Raven Industries, Inc. (NASDAQ:RAVN), which is in the industrials business, and is based in United States, received a lot of attention from a substantial price increase on the NASDAQGS over the last few months. Less-covered, small caps tend to present more of an opportunity for mispricing due to the lack of information available to the public, which can be a good thing. So, could the stock still be trading at a low price relative to its actual value? Let’s examine Raven Industries’s valuation and outlook in more detail to determine if there’s still a bargain opportunity.
Is Raven Industries still cheap?
Raven Industries is currently overpriced based on my relative valuation model. I’ve used the price-to-earnings ratio in this instance because there’s not enough visibility to forecast its cash flows. The stock’s ratio of 33.5x is currently well-above the industry average of 25.9x, meaning that it is trading at a more expensive price relative to its peers. If you like the stock, you may want to keep an eye out for a potential price decline in the future. Since Raven Industries’s share price is quite volatile, this could mean it can sink lower (or rise even further) in the future, giving us another chance to invest. This is based on its high beta, which is a good indicator for how much the stock moves relative to the rest of the market.
Can we expect growth from Raven Industries?

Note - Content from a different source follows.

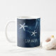 Cette tasse à café est composée d'un majestueux requin gris et blanc qui se promène chaque jour dans la mer d'un bleu profond, avec une étoile de mer et une place pour un nom sur sa gauche.
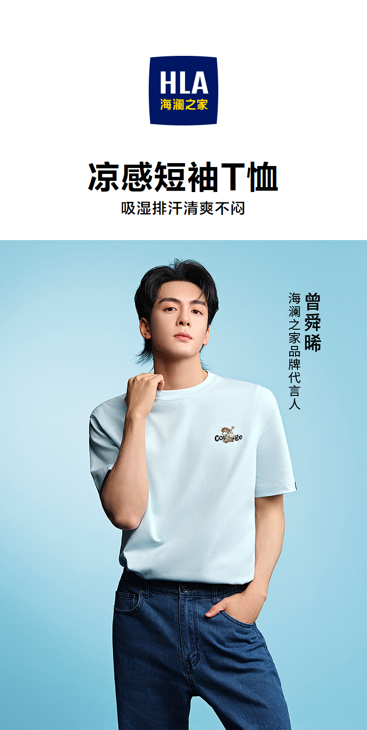 HLA海澜之家曾舜晞同款短袖T恤26春夏新马年凉感吸湿排汗短袖男HNTBJ2F037A

Investors looking for growth in their portfolio may want to consider the prospects of a company before buying its shares. Buying a great company with a robust outlook at a cheap price is always a good investment, so let’s also take a look at the company's future expectations. Raven Industries’s earnings growth are expected to be in the teens in the upcoming year, indicating a solid future ahead. This should lead to robust cash flows, feeding into a higher share value.
What this means for you:
Are you a shareholder? It seems like the market has well and truly priced in RAVN’s positive outlook, with shares trading above its fair value. At this current price, shareholders may be asking a different question – should I sell? If you believe RAVN should trade below its current price, selling high and buying it back up again when its price falls towards its real value can be profitable. But before you make this decision, take a look at whether its fundamentals have changed.
Are you a potential investor? If you’ve been keeping tabs on RAVN for some time, now may not be the best time to enter into the stock. The price has surpassed its industry peers, which means it is likely that there is no more upside from mispricing. However, the positive outlook is encouraging for RAVN, which means it’s worth diving deeper into other factors in order to take advantage of the next price drop.
Price is just the tip of the iceberg. Dig deeper into what truly matters – the fundamentals – before you make a decision on Raven Industries. You can find everything you need to know about Raven Industries in the latest infographic research report. If you are no longer interested in Raven Industries, you can use our free platform to see my list of over 50 other stocks with a high growth potential.
We aim to bring you long-term focused research analysis driven by fundamental data. Note that our analysis may not factor in the latest price-sensitive company announcements or qualitative material.
If you spot an error that warrants correction, please contact the editor at email@example.com. This article by Simply Wall St is general in nature. It does not constitute a recommendation to buy or sell any stock, and does not take account of your objectives, or your financial situation. Simply Wall St has no position in the stocks mentioned. Thank you for reading.